Her Campus Logo Her Campus Logo
books on brown wooden shelf
books on brown wooden shelf
Susan Yin/Unsplash

A Peek Inside My Diary: Finding My Way Home in Montreal

This article is written by a student writer from the Her Campus at McGill chapter.

Being in the midst of miserable midterms means something more than just binge eating and library-living: it means that first semester is halfway over. Weird, right? As a third year heading on exchange next semester, I’ll admit, it freaks me out a bit. I can’t believe that, once this semester is over, I’ll only have one more year left of the best years of my life. Sure, we all complain about how McGill screws us over and how we wish we were anywhere but McLennan, but really guys, it’s probably never going to get any better than this.

Think about it. Do you really think there’s a whole week in the real world dedicated to dressing up in onesies and chugging cheap beer from flimsy cups for bragging rights and glory? No. And if you’re ever expecting to live in a building filled with your closest friends and some of the smartest kids in the world again, you are sadly mistaken. McGill, Montreal and university in general give us opportunities we will never find anywhere else, and memories that will last longer than the cheesy-titled Facebook albums we put our never-ending Snapchat screenshots in.

It’s crazy to think back to your first trip to visit the campus, and even crazier to imagine how you survived your first day, stripped of comfort and everything you had ever known. What I love the most though, is thinking back to those bare beginnings and realizing how Montreal and McGill now feel like home. It’s for this reason that at about this time two years ago, halfway through my first semester of first year, I wrote the following about my first day in Montreal. It was inspired by the trip I took up to Mont Royal with other new students in my rez the night after my parents left, and I was truly by myself for the first time. Take a peek inside my diary, and take a walk in my shoes.

October 24/2013

Maybe it was the lights. The fluorescent pinpoints spotting over my vision, threatening to consume my focus entirely. “Bright lights, big city” is one thing, but certainly no one had warned me about the sovereignty of these synthetic galaxies.

How did I end up here? 100 feet in the air with only a cold metal bar separating me from the city of Montreal, I looked down at my home for the next four years. Mont Royal will always dog-ear an important page in my life story as the location where I waved goodbye to comfort, cash flow and childhood, and timorously welcomed independence. Surrounded by uniform introductions and vacant visages from fellow freshmen, I wondered if freedom would ever taste as saccharine as it looked in the brochures, or if family could ever be found in these unfamiliar faces.

Only a day earlier I had trekked for ceaseless hours, clammy and anxious in an overstocked IKEA warehouse on wheels. I held my breath as the GPS informed me that my destination was ahead: McGill University.
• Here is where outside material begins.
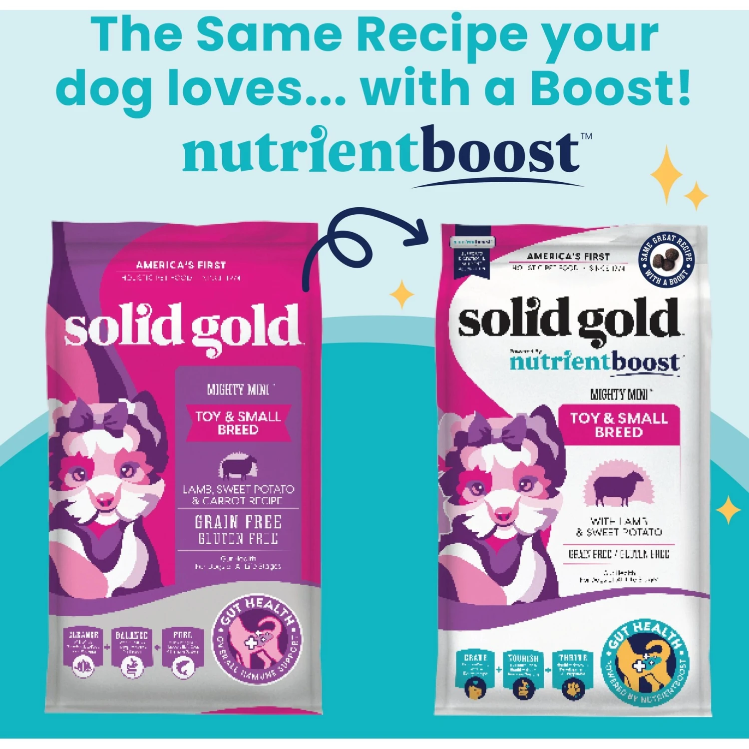 The Solid Gold Nutrientboost Mighty Mini Small & Toy Breed Dry Dog Food is full of big nutrition for your small breed furbaby. Paw-fectly balanced for your pup’s mini size, this grain- and gluten-free formula is ideal for puppies, adults and seniors. It’s full of tasty lamb, sweet potatoes and carrots for easily digestible protein. These nutrient-dense superfoods and omega fatty acids promote gut health, skin and coat health and immune support to help keep your best friend looking and feeling paw-some. The kibble is designed for small mouths to help your furbaby chew, and is also ideal for dogs with sensitive stomachs.
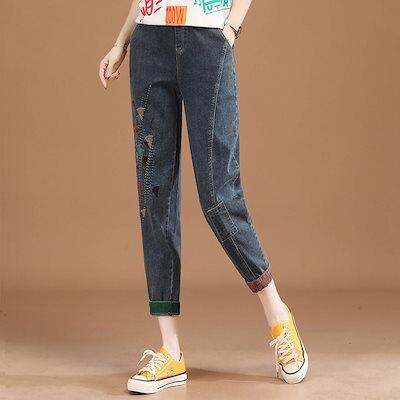 ウエストをゆるめて刺繍した9点ジーンズの新作韓国版カジュアルパンツ

My parents by my side I received a key that wasn’t to my front door, bought books that wouldn’t end up on my kitchen counter and smiled for a student ID card that I wouldn’t lose between the cracks of my living room couch. The empty warehouse was now parked 632.8 km away from where I stood. An endless street home, I bypassed the easy road.  

Soiling my sneakers as I took the path less travelled both up the mountain and towards my future, I reached the top with pride but certainly not with grace. Reaching the summit, I never once regretted my travels.

Looking out at the lights as the breeze splashed goose bumps upon my flesh, I realized that maybe home doesn’t have to be where your family lives. Perhaps it’s not where you grew up or where your mind wanders when someone asks you where you’re from. Maybe you can cry in your home, feel shame in your home or even want to go home while you are home.

I gazed out at the specks and the splatters of buildings and listened to the symphony of sounds conducted by nightfall. The city wasn’t the only one who wouldn’t sleep that night. That’s when I realized.

Maybe home is where you can kiss yourself goodnight and still wake up in the morning.

Maybe home is where your sweet tooth overwhelms your satisfaction with bitterness.

Or maybe home is just where you’ll be proud of yourself for keeping your feet on the ground, even if your shoes get dirty along the way.

I found home in Montreal, and I never want to stop finding my way home.  

To all you freshmen out there who are still finding your paths and feeling like home will forever be in the same place as your high school, I hope this gives you hope that you will get there, and reminds you of your first experiences here, as well.

And to everyone else, I hope this feels relatable, and I hope you get the chance to feel the way that I do in Montreal, because there’s nothing quite as sweet as finding your way home.